All the continuous variables are summarized as means and standard deviation or medians and interquartile ranges, as appropriate. The categorical variables are presented as raw numbers and percentages (%). For the comparison of the continuous variables among groups, we used one-way ANOVA or independent sample t-tests for parametric variables and the Mann-Whitney test for non-parametric variables. When significant differences were detected by ANOVA, post hoc multiple comparison analyses with Bonferroni adjustment were performed. In addition, UA levels and total cholesterol were compared among groups after controlling for the potentially confounding effects of variables that significantly differed among groups in univariate analyses using analysis of covariance (ANCOVA). A binary logistic regression model was used for the multivariate analysis. Odds ratios (ORs) and 95% confidence intervals (CIs) were calculated. All statistical tests were two tailed and a p-value < 0.05 was considered statistically significant. SPSS (Ver. 17.0) was used for the statistical analyses.

Results

A total of 198 eligible patients suffering from MDD were enrolled, of which 52 patients (26.3%) presented a risk of suicide. Two patients who were smokers were excluded. Control data of 52 MDD patients without suicide risk and 52 healthy subjects were included in this study. The demographic characteristics of healthy controls and patients with MDD are presented in Table 1. Among the three groups, there were significant differences in marital status (χ2 = 9.424, p = 0.009), employment rates (χ2 = 6.721, p = 0.035) and BMI (F = 3.408, p = 0.036), but not in education (p > 0.05). Among the subjects with MDD, the proportion of married subjects in the suicide risk group was lower than that in the non-suicide risk group (χ2 = 5.786, p = 0.016). As shown in Table 2, there were no statistically significant differences between the two patient groups in most of their clinical characteristics including the age of onset, number of episodes, duration of illness, rate of family history of psychiatric disorder and first-episode of depression (all p > 0.05), while HAMD-17 total score in the suicide risk group was higher than that in the non-suicide group (t = 4.423, p < 0.001).

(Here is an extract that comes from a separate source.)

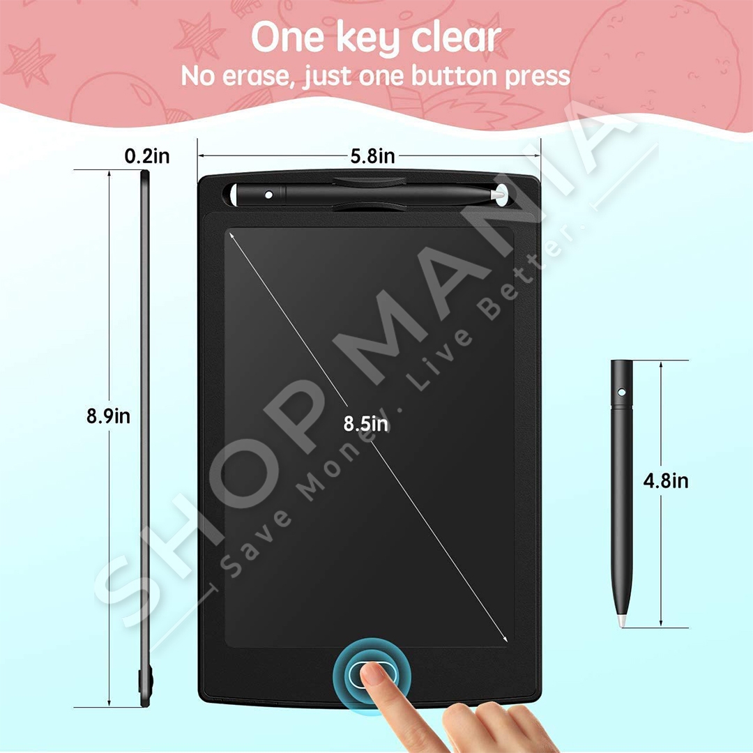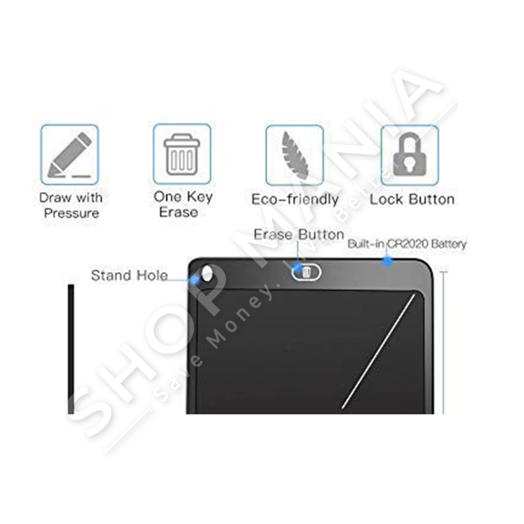 Panel shkrimi per femije me ekran LCD pa rrezatim dhe shkelqim verbues. Nuk i demton syte e femijeve nderkohe qe i argeton. Madhesia prej 8.5 inch (22 cm) e panelit te shkrimit ben te mundur qe ai te perdoret kudo pasi eshte praktik dhe i vogel. Ka butonin e ndezjes dhe te fikjes dhe nje laps me te cilin femijet vizatojne dhe zhvillojne kreativitetin e tyre. Materiali i panelit dhe i ekranit te tij eshte plastik i qendrueshem dhe eshte i sigurt. Mund te fshini vizatimet ose fjalet qe shkruani ne ekran vetem me prekjen e nje butoni.

Table 1 Demographic characteristics of healthy controls and patients with MDD
Table 2 Clinical characteristics of depressive subjects with or without suicide risk

Table 3 shows the routine biochemical markers including total cholesterol (CHO), triglycerides (TG), high-density lipoprotein cholesterol (HDL-C), low-density lipoprotein cholesterol (LDL-C), fasting blood glucose (FBG), creatinine, urea and UA in the three groups. Significant differences were found only in the serum levels of CHO (F = 3.219, p = 0.043), creatinine (F = 4.577, p = 0.012) and UA (F = 3.546, p = 0.031). Post hoc analyses showed that the CHO levels between the two control groups were not significantly different (p > 0.05), whereas both were higher than those in the patients with suicide risk group (patients without suicide risk: p = 0.045; healthy controls: p = 0.021). Creatinine levels were significantly lower in both patient groups when compared with healthy individuals (patients without suicide risk: p = 0.005; patients with suicide risk: p = 0.020); however, no significant differences were detected between the two patient groups (p > 0.05). Serum UA levels were significantly lower in patients with suicide risk than in patients without suicide risk (p = 0.017) and healthy individuals (p = 0.030), while there were no differences between the two latter groups (p = 0.852).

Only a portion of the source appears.